Reputation: 11737
I'm working on c, following is my code:
#define _GNU_SOURCE
#include<stdio.h>
#include<stdlib.h>
int main()
{
char* str = NULL;
size_t n;
printf("Enter the string : \n");
getline(&str, &n, stdin);
printf("Initial string is : (%s)\n", str);
return 0;
}
When i run the above program it gives following output:
Enter the string :
bsalunke
Initial string is : (bsalunke
)
What might be the reason of unexpected string getting stored in str
pointer(i.e. it is a string with many white spaces) ?
Im using gcc 4.1.2 version on linux
Upvotes: 2
Views: 639
Reputation: 214780
The program does not work because you are writing code which you don't understand. You cannot "store a string in a pointer". You need to study arrays and pointers.

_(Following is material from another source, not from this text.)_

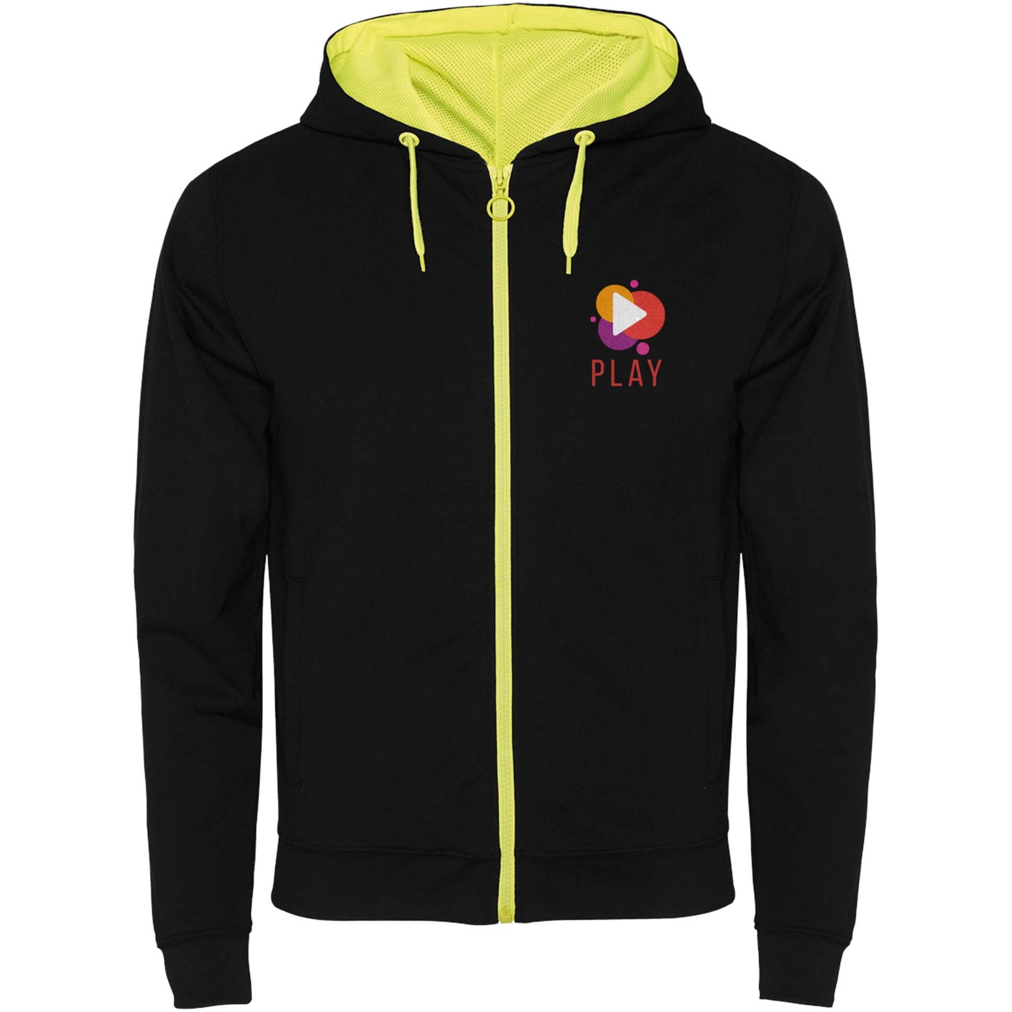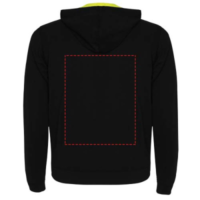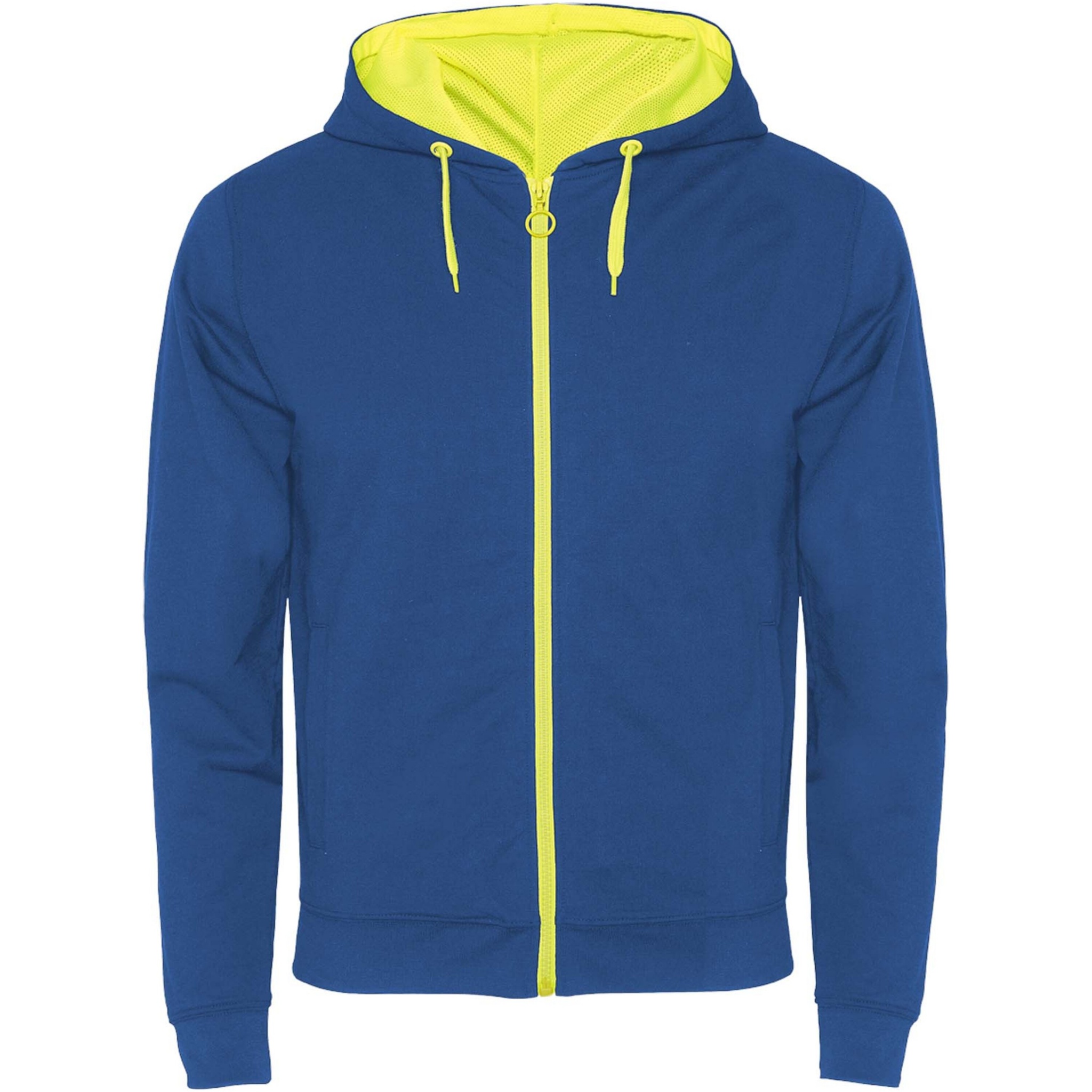 Sweatjacka i icke-borstad fleece med detaljer i fluoriserande färg. Centralt blixtlås med kontrastfärgad dragkedja. Huva med foder i mikroperforerat polyestertyg och kontrasterande fluoriserande färg. Dragsko och metallöglor i kontrasterande fluoriserande färg. 1 x 1 ribbade muddar och midja. Två framfickor med bred kant. Förstärkta täckta sömmar i innerkragen. Avtagbar etikett.

You are attempting to store data at a random memory location, without allocating any memory for the data. This is completely undefined behavior.
Upvotes: 0
Reputation: 2031
From the man page of getline
getline() reads an entire line from stream, storing the address of the buffer containing the text into *lineptr. The buffer is null-terminated and includes the newline character, if one was found.
I think that explains it. It is not a string with many white spaces, it is a string ending with a new line.